Technically-speaking, I won’t be in the literal shadow of the Grand Tetons since the conference will be held in the Jackson Hole Center for the Arts 15 miles away in Jackson, but it sounded way cooler to start the sentence like that—implying conferees would be sitting cross-legged in a half-circle surrounded by a blaze of purple and red wildflowers while Brady Udall tossed handfuls of nuts and bolts at us—behind his head, the purple mountain majesty of the Grand thrusting its granite bosom toward the clouds. Most likely we’ll be sitting on chairs in windowless rooms, our pale ivory-tower faces illumined by fluorescence, rather than in a plein air field with hawk-screams and river currents pulling our attention from Mr. Udall’s stories of how he went about researching Mormonism for his latest novel The Lonely Polygamist.

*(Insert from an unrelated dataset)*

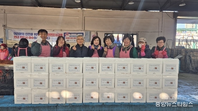 (중앙뉴스타임스 = 방재영 기자) 인천 남동구 논현1동 행정복지센터는 소래어촌계 부녀회(회장 박봉애)가 ‘사랑의 김장 담그기 행사’를 통해 직접 담근 김치 80상자(800kg)를 기탁했다고 15일 밝혔다.

I will have enough to distract and worry me without all that eye-candy landscape.
You see, I’m battling my writing anxieties on two fronts during this three-day conference.
First of all, this is my first. Writer’s confab, that is. I’ve been to my share of book festivals—complete with author readings, free bookmarks autographed by Joyce Carol Oates, and mime performances of Ulysses—but I’ve never devoted three days (and $400 of my hard-earned salary) to simply sitting in a room and soaking up how-to writing tips from published professionals. You see, I'm not really open to being on the receiving end of advice (but because I’m a father three times over, I’m a frickin’ professional when it comes to dispensing advice). I chafe and bristle when I think someone is trying to tell me what to do. This is one reason I stopped subscribing to Writer’s Digest years ago—the other was the dull parade of “inspirational” stories of writers’ humble beginnings (I mean, c’mon, how many times do I need to hear about Tom Clancy’s early days as a insurance agent writing The Hunt For Red October at 2 a.m. in his boxer shorts?!). So when someone formulates the creative process and tells me how to get from A to C by way of B, I stopper my ears and flee in the opposite direction. This is one of my greatest failings as a writer (the other is my slipshod use of the passive voice in my sentences).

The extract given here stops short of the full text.